- Genre: Comedy
- Created by: Jeff Ross
- Directed by: Jay Karas
- Presented by: Jeff Ross
- Starring: Jeff Ross
- Narrated by: Gilbert Gottfried
- Country of origin: United States
- Original language: English
- No. of seasons: 2
- No. of episodes: 12

Production
- Executive producers: Jeff Ross Mike Gibbons Chris McGuire Willie Mercer Amy Zvi
- Running time: 20 minutes
- Production companies: Tagline Television Enough With the Bread Already Productions New Boots Productions

Original release
- Network: Comedy Central
- Release: August 14, 2012 – February 12, 2013

= The Burn with Jeff Ross =

The Burn with Jeff Ross is a comedy panel show hosted by comedian Jeff Ross that aired on Comedy Central.
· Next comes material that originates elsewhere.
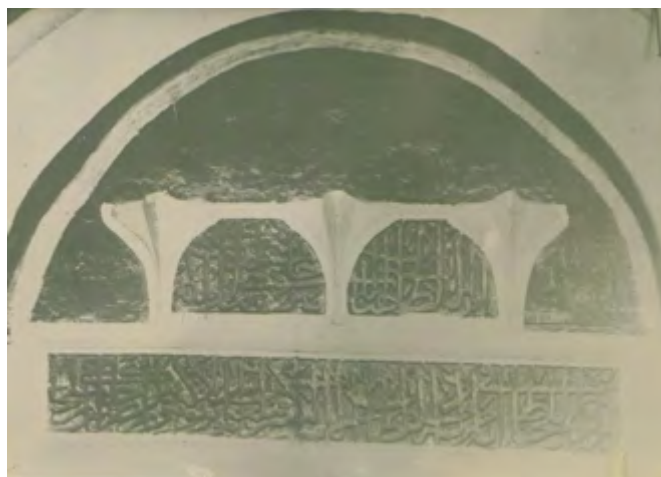
Рис. 18. Мечеть в с. Шейх-Кой. Северный вход. Верхняя часть с надписью. Фотоснимок, 20-е гг. XX в.

The show debuted on August 14, 2012, and was executive produced by Ross himself. The program featured Ross roasting a wide variety of targets, along with guest appearances by fellow comedians who make up a panel of roasters. The show was renewed for a second season by Comedy Central, which premiered January 8, 2013.

== Format ==
The Burn with Jeff Ross was presented in a humorous half-hour format, and was broadcast Tuesday nights at 10:30 EST (9:30 Central). The show was broken down into many segments. Examples of these segments included celebrity visits, public roasting, and panelist roasting. The first season contained an additional segment, known as "speed roasting", in which members of the audience volunteered to be roasted. As of the second season, the "speed roasting" segment is available only via the Internet.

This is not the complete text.